Kibuye-Karongi: The Other Side of Lake Kivu's Picturesque Beauty.

Being the Rwanda’s largest lake and the sixth in Africa, Lake Kivu dominates the border between Rwanda and the Democratic Republic of Congo. Karongi (also known as Kibuye) lies on the middle part of Lake Kivu's shores and is accessible from both the northern edge of the lake (Gisenyi) and the southern edge (Cyangugu), but a drive from Kigali, passing through Kamonyi, Muhanga, and Ngororero, has itself a unique experience to offer. Going there, you ought to drive with windows rolled down to eyewitness the 'behind the scenes' of Rwanda's nickname “The Land of Thousand Hills”.

I am just talking about my 2017 kick off trip, from Kigali to Karongi, sharing a drive with the squad behind books that keep children's faces lightened up, Bakame Editions' team. Our primary destination was the Museum of Environment which is located on the shore of Lake Kivu, but along the way, we couldn’t resist accommodating ad-hoc stopovers as some places are truly worth it, especially when your camera eye is very sensitive to scenic views. With the road curving back and forth weaving through mountains, the drive would have been so tiring unless we were kept entertained by the impressive view of beautiful trees, rocks, hills, and houses lining the road.

Between Muhanga and Ngororero, a stopover at Nyabarongo river is worth your time.

As you drive ahead, a stopover at ‘Ndaba’s Rock” for a storytelling session is highly recommended.

The waterfall at Ndaba's Rock

Byukusenge is there to tell you the story of ‘Ndaba’s Rock’ in Kinyarwanda, English, and French, playing along his iningiri tuneful sound.

At Karongi, standing in front of the Museum of Environment, you can take photos of the crystal clear deep blue water of Lake Kivu, but you better visit the museum and go to the lake after.

At the Museum of Environment, experienced guides help you touring the museum and explain everything you need to know about different types of energy and their effects on the environment. Afterwards you walk upstairs to tour the beautiful garden of numerous medicinal plants labelled with their names and uses. I was happy to find some rare plants I used to see in my home village when I was a small child.

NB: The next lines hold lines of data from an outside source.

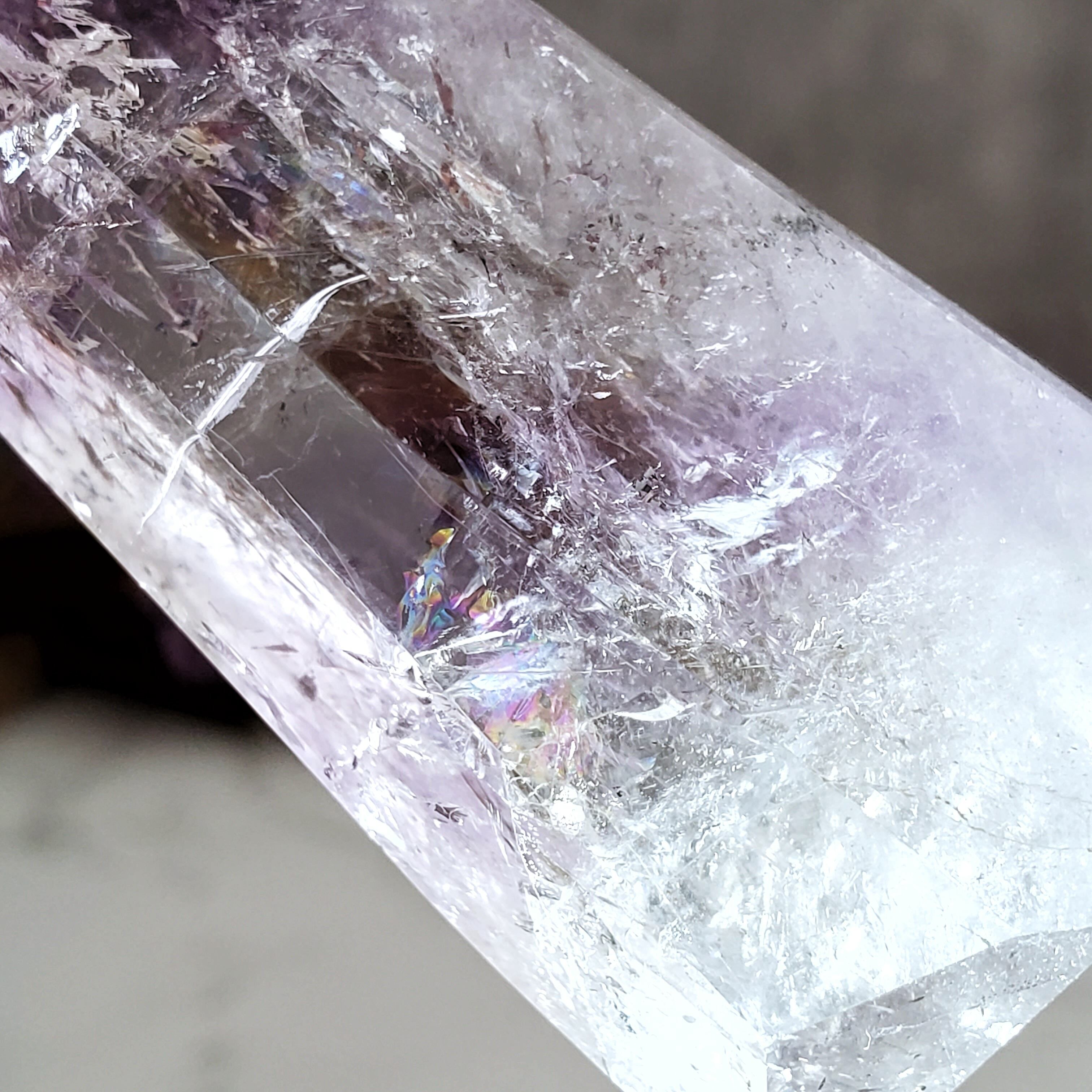 透明感が良く、クラックに輝く虹が美しいアメジストタワーです。
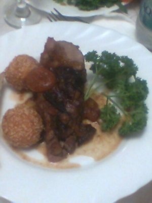 Sos: mustarul se amesteca ulei, condimente. Carnea,snuruita se trece prin sos si se rumeneste in ulei incins. Se asaza in tava, se condimenteaza se presara cu ceapa, usturoi, adaugi o ceasca de apa si se da la cuptor.Intorci din cand in cand. Spre sfarsit, adaugi vinul, lasi sa scada sosul.Dupa ce se raceste, indepartezi sfoara,tai felii. Incalzesti in sosul propriu, strecurat. Servesti cu salata verde sau sote de ciuperci,sau cu garnitura de crochete din cartofi.
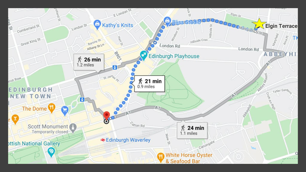 The city centre (Princes Street) is 10-15 minute walk from the apartment and buses run every few minutes from the top of the road.
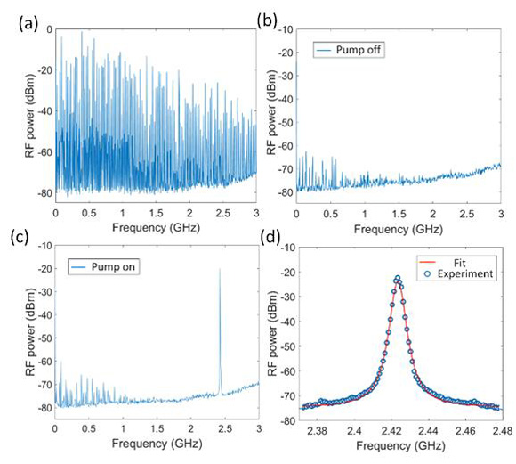 圖 (a) 多縱模激光注入波導前測得的拍頻信號;(b) 多縱模激光注入波導後測得的拍頻信號(沒有泵浦光);(c) 多縱模激光注入波導後測得的拍頻信號(有泵浦光);(d) 泵浦光和Stokes光的拍頻信號。

Before you drive out of the museum premises, don't forget to buy some souvenir items at the showroom beside the reception.

The Museum of Environment at Karongi. (A written permission from the Institute of National Museums of Rwanda is required for any visitor to take photos inside the museum).

After touring the museum, you can have lunch at one of the nearest hotels located at the shore of Lake Kivu such as Golf Eden Rock Hotel, Centre Bethanie, and more.

Driving from the Museum of Environment to Centre Betanie, you pass through a small forest with beautiful trees, and from there you have the stunning view of islands with a uniquely beautiful flora in the middle of the lake.

At the lake, there is a variety of fun activities like water sports, paddle boarding, kayaking, swimming, jet-skiing, and more, but we are going for a water tour visiting a number of islands found in the middle of Lake Kivu.

At Centre Betanie, we took a boat and sailed to ‘Napoleon Island’. It was named so following its shape which is similar to the Napoleon’s hat famously known as 'Bicorne’. At the island, there are rare beautiful trees that harbor thousands of bats. Touring the island you need to alert bats that you are around so that they entertain you with their thrilling parade.

Trees at Napoleon Island reflected on the water of Lake Kivu.

It takes more than 30 minutes to walk up to the top of Napoleon Island.

Bats' parade at Napoleon Island.

From Napoleon Island, we sailed to ‘Inyenyeri Island’ which is occupied by a single vervet monkey. Before you set your foot on the land, the vervet monkey comes on the boat to welcome you in his kingdom.

Next, we visited ‘Amahoro Island’ before we sail back to ‘Centre Betanie’ passing by the side of other small islands where cattle were busy grazing courageously paying no attention to us.

The view of ‘Centre Betanie’ as you sail back from Amahoro Island.

Like other sides of Lake Kivu, when you go to Kibuye, don’t forget to taste on the ‘isambaza’ in local restaurants.